2012 : A forgettable year for Motown

Seldom is it that a year that begins with such promise and hype ends as one that is forgettable and beset with regrets. 2012 was one such example. It began with a bang with the biennial New Delhi Auto Expo, the show piece event for the domestic industry. And it ends almost with a whimper.

The insipid festive season and stubbornly sluggish sales making everybody pray for the new year. As the year draws to a close, it is worthwhile to look at some of the highs and lows.

The highs

SUVs, SUVs and more SUVs

The scramble for diesel car among consumers had to manifest itself in a shift towards bigger cars. But what led to a exponential surge in demand for SUVs was the entry of affordable compact vehicles like Renault Duster and Maruti Ertiga. Easily the two biggest success stories of this year, it brightened the prospects of an upstart of a company and revived the fortunes of another. Even in a sluggish demand scenario, the appetite for SUVs remains high. The segment has grown by over 60% this year, a stratospheric number when compared to the industry’s by and large Hindu rate of growth this year. And the story is likely to continue in 2013 and beyond. Coming up next are Ford EcoSport, Maruti XA Alpha and Hyundai Hexa Space.

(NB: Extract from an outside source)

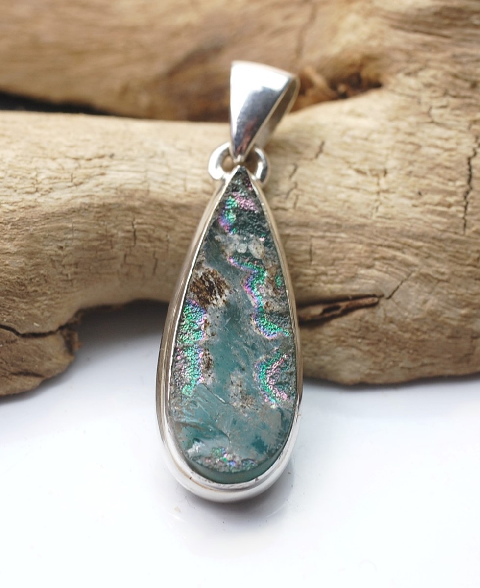 Wisiorek srebrny z antycznym szkłem afgańskim
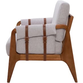 Combinando materiais e texturas, essa poltrona de madeira com revestimento em linho traz um design único expresso, principalmente na base de madeira, com encosto ripado e, ainda, com as cintas de couro de destacam as laterais dos braços. Para completar, o estofamento com espuma de alta densidade garante o aconchego que você procura, seja enquanto lê um livro, recebe a família e amigos ou simplesmente enquanto relaxa.

It is quite uncommon to script in a company as one of the year’s highs but such was Audi’s aura this year. The German firm defied laws of gravity and laughed off suggestions of sluggish demand for luxury cars in India with a near 60% jump in sales. In the process it overtook Mercedes to become the second largest luxury car maker in India and is now at a sniffing distance away from leader– BMW. They have had their share of criticisms though. Rivals have berated Audi for steep discounting and below the belt marketing gimmicks. High brow technicians and engineers scowl at their supposed lack of ingenuity. How, for example, does the 2.0 litre Volkswagen turbo diesel engine finds itself in such a wide variety of cars like an Audi Q3, Q5, A4, A6, Skoda Yeti, Laura, Superb, Volkswagen Jetta and Passat. “Buy a Yeti and you will get a Q3 for half the price,” a rival once remarked. “So much for Vorsprung durch technik.” (Progress through technology)

In the market place though, what sells is a success. And what is successful, is right. In 2012, Audi was so right.

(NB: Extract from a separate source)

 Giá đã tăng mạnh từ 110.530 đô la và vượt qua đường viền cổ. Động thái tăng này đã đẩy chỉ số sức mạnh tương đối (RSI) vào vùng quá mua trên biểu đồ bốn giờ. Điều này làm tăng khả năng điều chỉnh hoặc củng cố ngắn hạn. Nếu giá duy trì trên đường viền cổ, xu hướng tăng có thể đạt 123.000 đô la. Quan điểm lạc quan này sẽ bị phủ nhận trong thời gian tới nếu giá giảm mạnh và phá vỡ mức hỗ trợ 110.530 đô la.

To be fair to it, the Swift has always been a high each year ever since it was launched in the summer of 2005. Many say, it is a success that keeps Maruti afloat in India. And hence, Suzuki globally. That may be an exaggeration but to say that the Swift is a legend in India would not be a stretch. But why it figures in this list is for one unforeseen reason.

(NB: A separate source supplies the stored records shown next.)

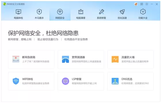 尤为值得一提的是,虽然视觉与操作上进行了大幅度的简化,但在安全守护方面“极速版”的能力不仅没有削弱,反而更加强大。其中“网络安全”模块,可对用户网络环境进行安全监测管理,而该功能的背后,是360强大的安全能力作为技术支撑。据了解,基于过去十多年在网络安全行业的积淀,360构建了以安全大脑为核心的安全能力框架。
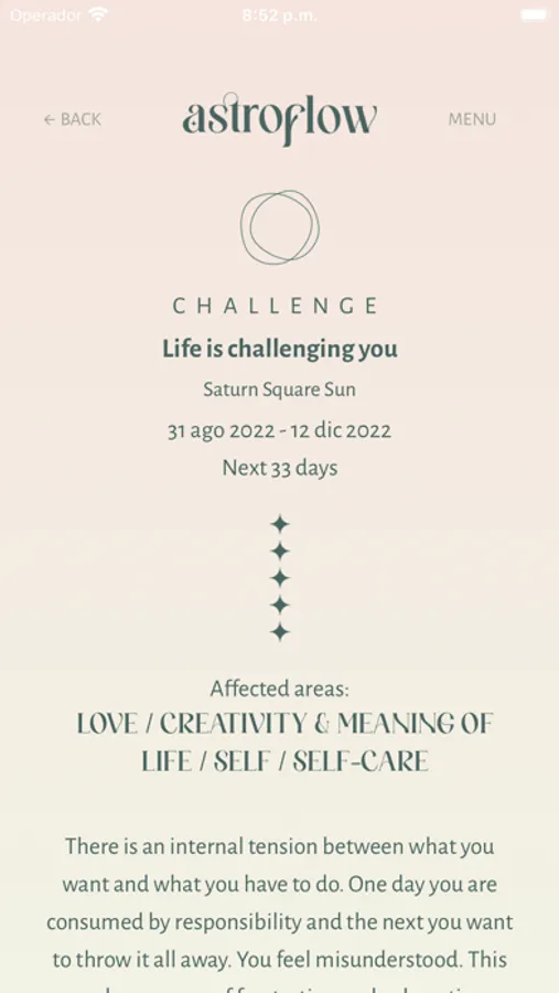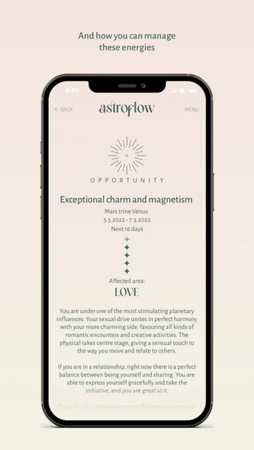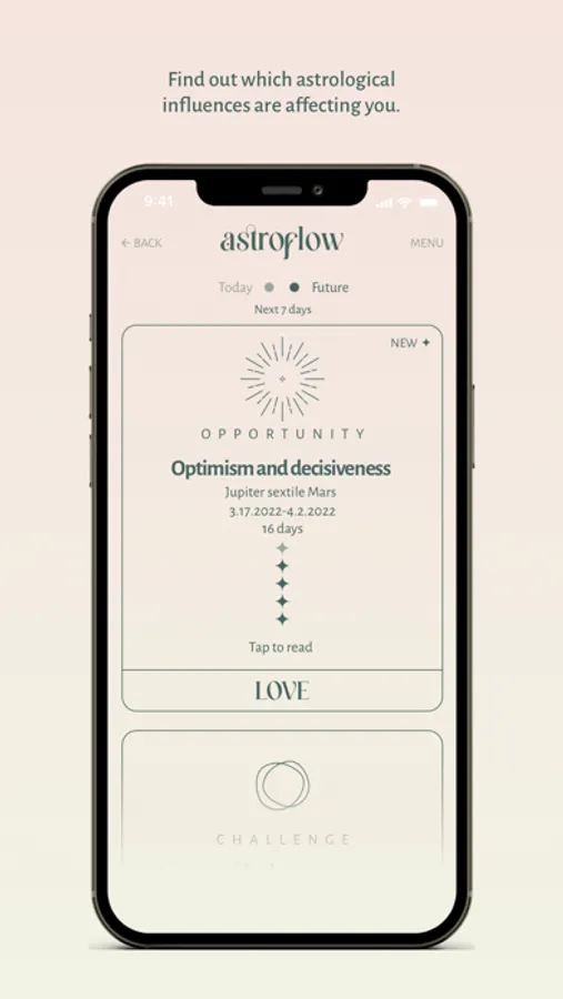 Download Astroflow now, select your subscription and get access to completely personalized information based on your natal chart and manage the available energy in the most appropriate way for you.
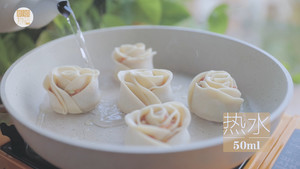 锅内倒入10ml食用油,放入玫瑰花饺。
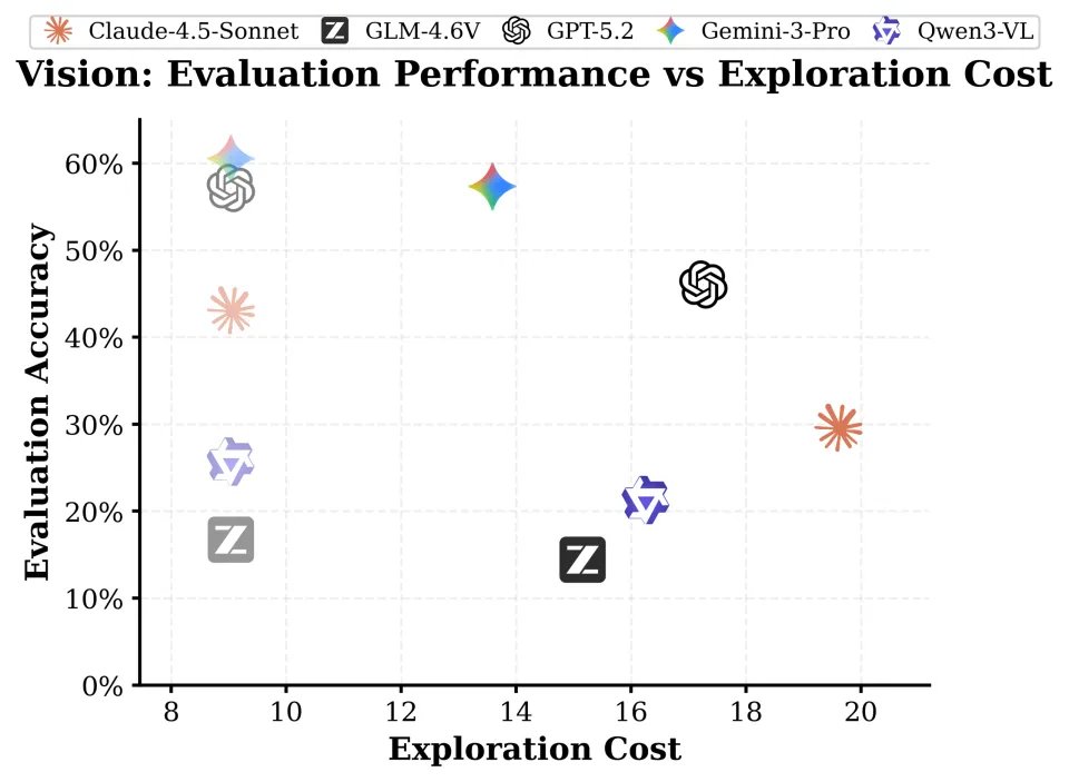 研究团队将 GPT-5.2, Gemini-3 Pro, Claude-4.5 Sonnet, GLM-4.6V, Qwen3-VL 等主流大模型送入考场。结果令人震撼:当 AI 面临 “自主求解不确定性” 的任务时,看似强大的它们集体迷失,暴露出令人担忧的四大深层病理。

In May, it became only the third model in the post liberalised era to become the largest selling passenger car in India overtaking a much lesser priced stablemate–Alto. A revised version of the latter in the second half of this year and labour unrest at the factory where the car is made during the middle of the year, restricted Swift’s march, but May showed what just could maybe the future–Swift as the largest selling car in the country.

The lows

New Delhi Auto Expo

Some may say it was always, a disaster waiting to happen. Some others would argue, it has always been a disaster. But this year’s event, which was the 11th edition of the franchise, was such a colossal failure that even the staunchest optimist would cringe. The mayhem that ensued on the second day of the event, a day when only media was allowed, forced M&M Chairman Anand Mahindra to comment that the melee resembled a Kumbh Mela. From bored office executives to kids bunking schools and colleges, everybody turned up to have a look at the cars and the short skirts. How did they manage it…the effervescent Indian jugaad. It forced a bemused fellow journalist from UK to say “You guys may have learnt how to make world class cars, you still dont know how to host a world class event.” Coming straight after the error ridden Commonwealth Games of 2011, it did not really puff up my chest. To avoid a repeat, the Expo now finds a new home in 2014, in faraway Greater Noida. The crowds may give it a miss now but the organisers refuse to desert the show. The problem, like Kalmadi, stays where it was.

Maruti Labour unrest

The ugly side of a militant labour strife returned at the ill fated Manesar factory of Maruti on July 18 evening. Two hours of mayhem at the factory’s shopfloor when workers ransacked the premises left senior HR manager Awanish Kumar Dev dead and at least 100 others injured. The factory had to be shut for a month as the killers–mostly members of the new union formed at the factory–went on a hiding. They were all caught eventually but Maruti’s proud record of having the best industrial labour relations in the industry was besmirched forever. Over 500 workers were sacked and cases are being heard against 150 arrested by the police for direct involvement in the violence on that day. This was the first ever instance when somebody had died due to violence at the shop floor in a company as big as Maruti. Without doubt, a tragedy unlike any other. Five months down the line Manesar, that produces blockbuster models like Swift and Dzire, remains at an edge. An arrogant company and impatient workforce has overnight turned a factory into an active volcano.